This is pure round-robin: the 1st strand gets slot 0, the 212th strand
gets slot 0 again. Two strands that map to the same slot share the same
`strand_impl` object.

Each `strand_impl` holds:

- a mutex (`mutex_`)
- a pending operation queue (`pending_`)
- a locked flag (`locked_`)
- the executor identity used by whichever invoker is currently
dispatching

Two strands that share a slot share all of this.
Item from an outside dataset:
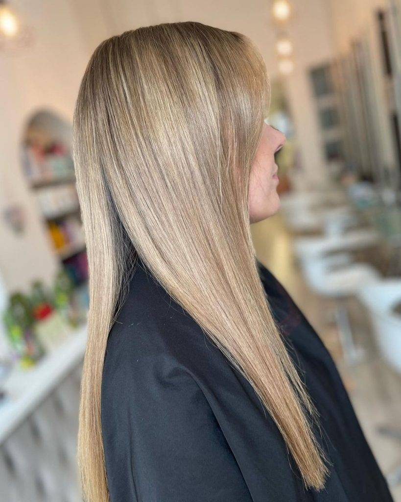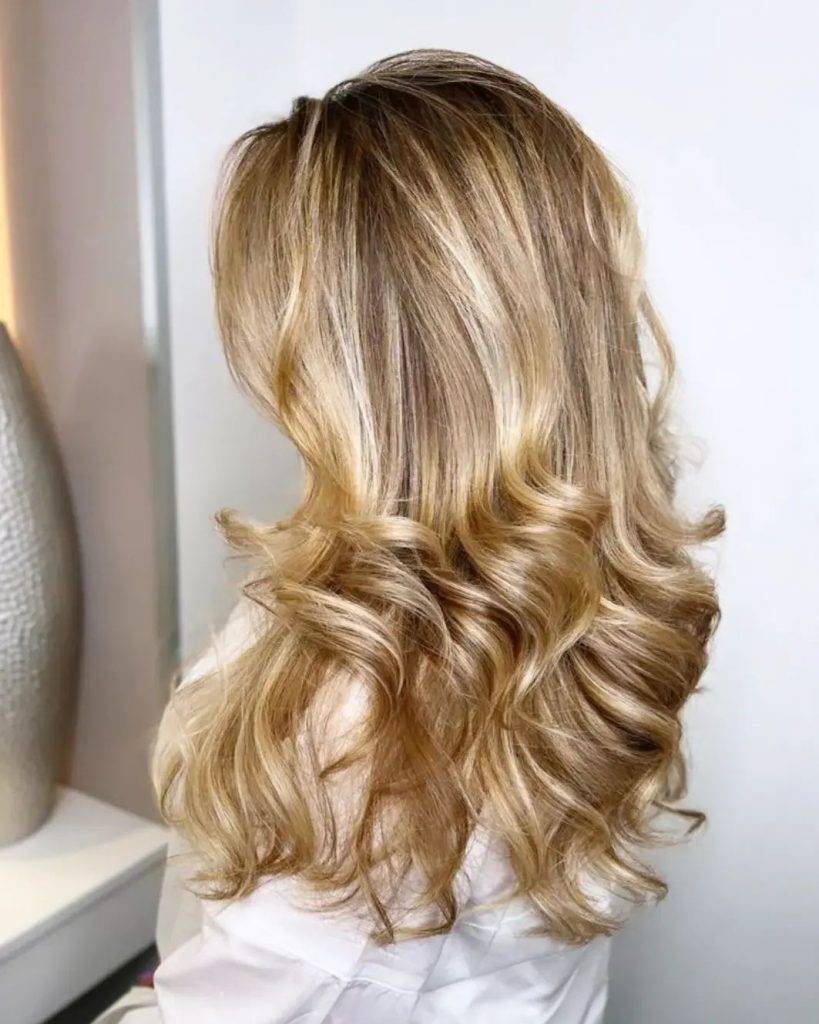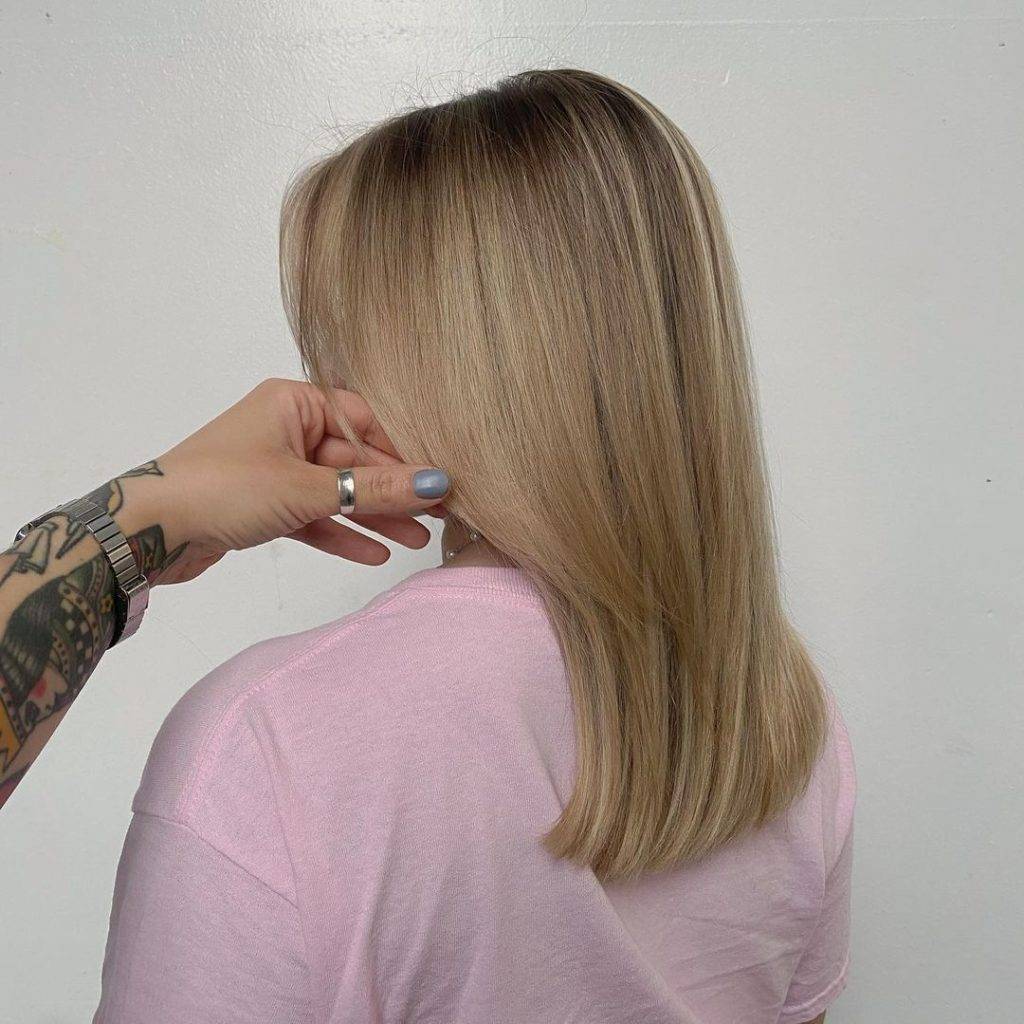 Такой тон имеет нотки коричневого, песочного. Окрашивание выполняется при блонде, благодаря чему эффект выходит благородный. Если нужно больше объема, то корни делают темными.

## What sharing actually shares

Sharing a mutex is not inherently a problem. Two strands that hold the
same mutex contend on push and pop operations, which are brief. They
still proceed independently afterward.

Sharing a queue and a locked flag is a different matter. Those are the
state machine that determines which work runs, in what order, and
through which executor. When two logically independent strands share
this state, the following become possible:

**Cross-strand blocking.** Strand A is mid-dispatch, so `locked_` is
true. Strand B posts a new operation. B's post sees `locked_` already
set and adds its work to the shared queue without posting a new
invoker. B's work now waits behind A's entire dispatch cycle, even
though A and B are supposed to be independent.

**Wrong executor dispatch.** The invoker that won the unlocked-to-locked
transition captures the executor of the strand that triggered it. Call
this strand A. If strand B later enqueues work into the shared state,
that work runs through A's executor, not B's. For strands that wrap
the same underlying thread pool, this is invisible. For strands that
wrap different executor layers (a metrics wrapper, a type-erased
`any_executor`, a test shim), operations execute through the wrong
executor, violating the invariants the user associated with B's
executor.

**False equality.** `operator==` on two distinct strands returns true
when they map to the same slot, because equality is defined as pointer
identity of the impl.

## Why per-strand is the right choice

The correctness argument is simple: strand isolation is part of the
contract. The word "strand" implies a serialization domain that is
independent of all other strands. A user who writes code against two
strands is justified in expecting that progress on one does not depend
on progress on the other, and that work posted to one runs through
that strand's executor, not a neighbor's.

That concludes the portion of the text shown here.